The proposed budget is usually approved with only minor changes, Mr. Nelson said.
This year, he said, it’s even more important that the budget stick as close to the proposal as possible.
"This is such a difficult budget, and there’s so many components … I hope that it would be approved as recommended," Mr. Nelson said.
Based on a 5.69 millage, projected revenue is estimated to rise by $12.7 million, from fiscal 2009’s $137.5 million to a projected $150.2 million for fiscal 2010, according to the summary.
This increase is mostly due to anticipated capital-improvements grants of $3.5 million to be received in 2009-2010, $6.2 million in new debt proceeds, and an unanticipated $1.3 million more in property tax revenue, according to the statement.
Without those grants and debt-service proceeds, the city’s financial situation could have been much worse, Mr. Nelson said.
"The proceeds and grants are capital," Mr. Nelson said. "If you took the capital out, you’d have a huge decrease in our budget."
And although the unexpected increase in property tax revenue "represents a portion of the value of new construction," the city still faced drops in its property values, according to the manager’s summary.
The gross taxable value in Coral Gables fell 8.4%, or $1.1 billion, from last year’s $13.4 billion, bringing the 2009 total before new construction to $12.3 billion, Mr. Salerno wrote.
Softening the blow, new construction adds $321 million.
Even with the boost, this represents the city’s "first property value decrease since 1992 as a result of Hurricane Andrew," although it’s a smaller hit than expected, he wrote.
While grants and bonds added revenue, other revenue streams are down.

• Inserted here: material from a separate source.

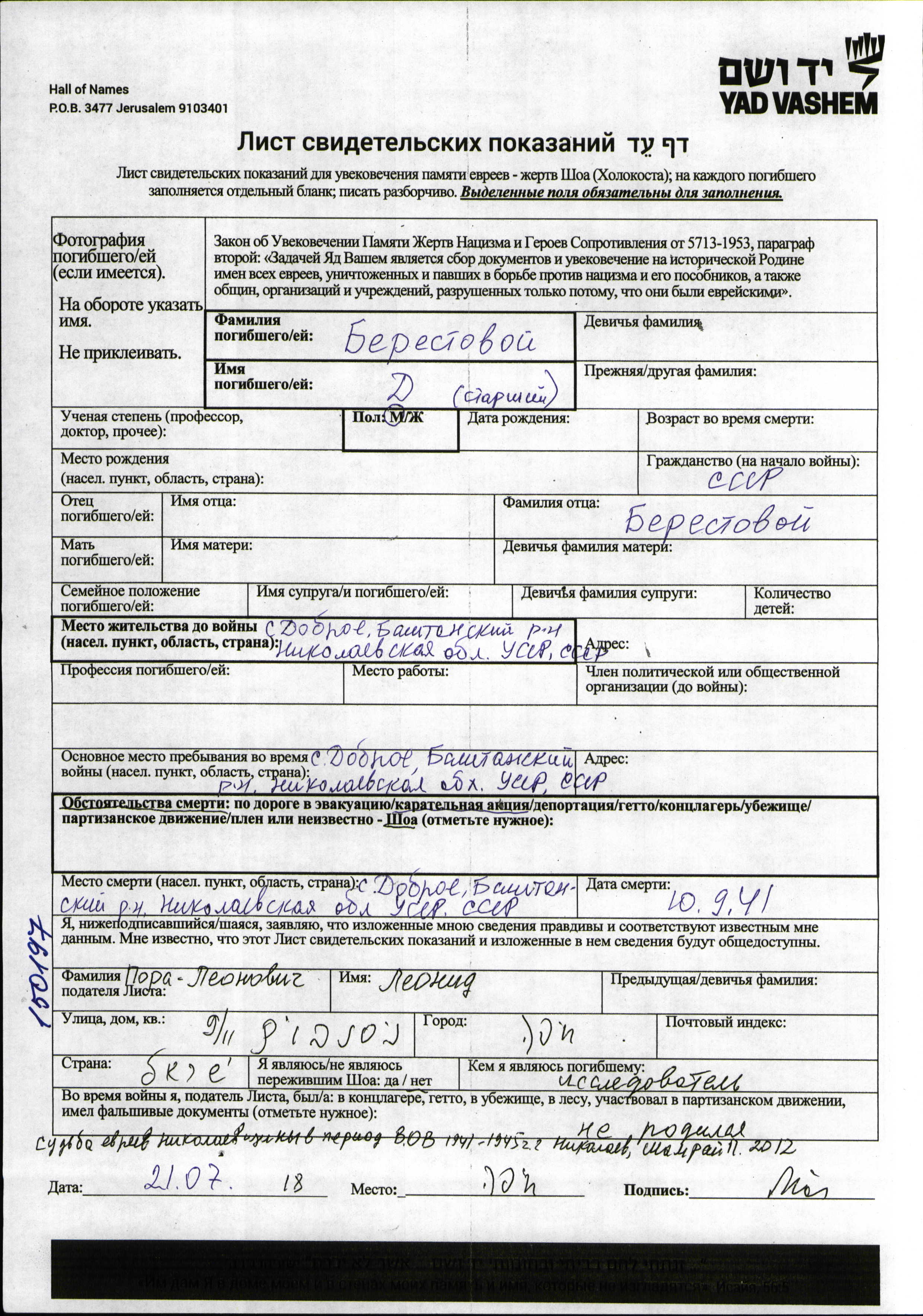 Berestovoy D Dobroye, Ukraine (USSR) Page of Testimony

"Revenues in general are down in pretty much everything," Mr. Nelson said. "If you really look, there’s a huge reduction in operating costs."
In total, the city projects $150.5 million in expenditures in the upcoming year, up $880,012 from $149.6 million budgeted in 2008-2009.

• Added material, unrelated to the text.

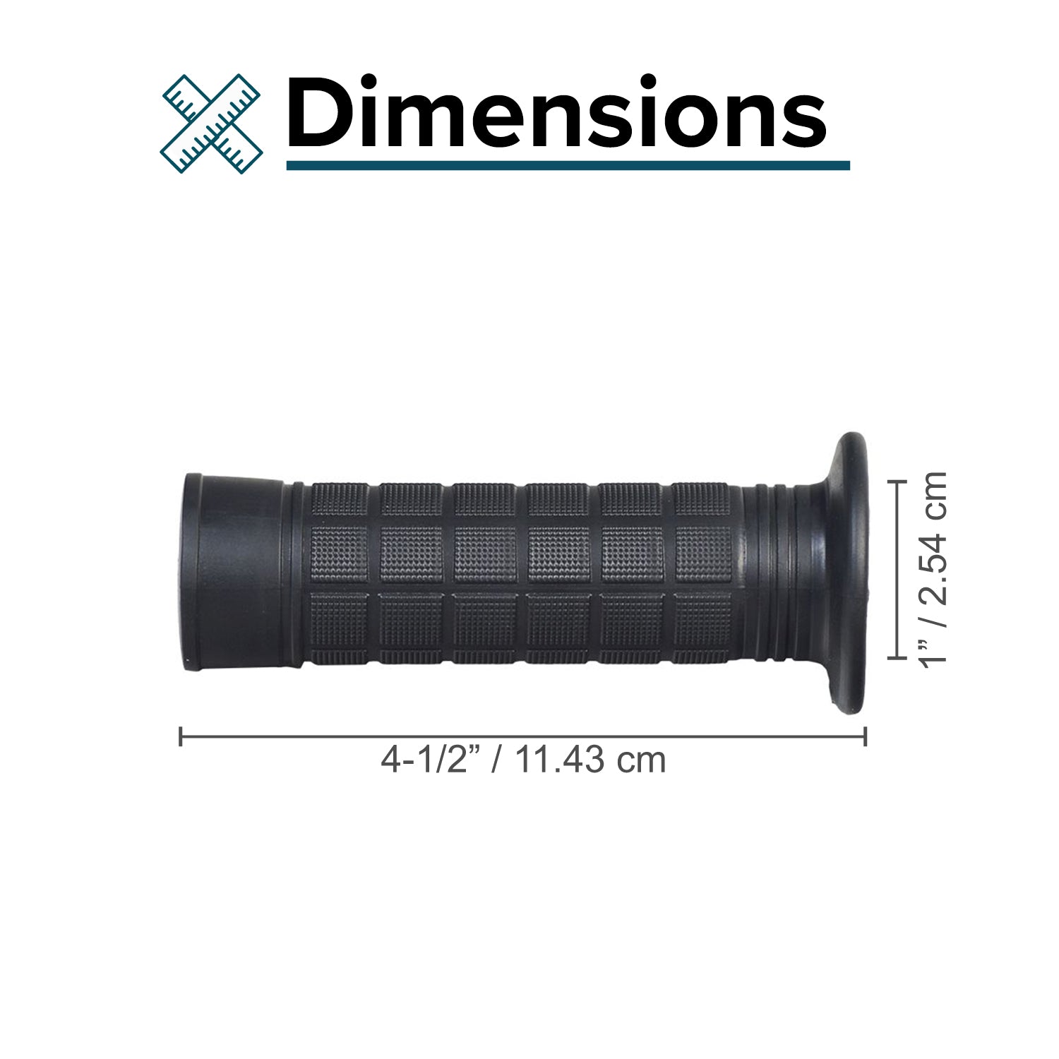Need a left handlebar grip for all versions of the Baja Doodle Bug mini bike, including the Baja Blitz, Baja Dirt Bug, and the Baja Racer? This is really a very fine handlebar grip, even for such applications like kick scooters. The flanged and textured surface makes it a real "grabber" for the non-throttle side of your bar.

But operating expenditures are to be cut by $8.8 million, from $138.7 million in 2008-2009 to $129.9 million.
The largest cuts are to be to salary, a nearly $4.4 million trim from the last fiscal year, followed by overtime and employee benefits.
Although these cuts to personnel costs are aimed at retaining employees, 43 full-time positions and 16 part-time posts are to be eliminated, the manager’s summary says.
"This was necessary to offset, among other factors, a significant decline in revenues attributed to the current economic conditions."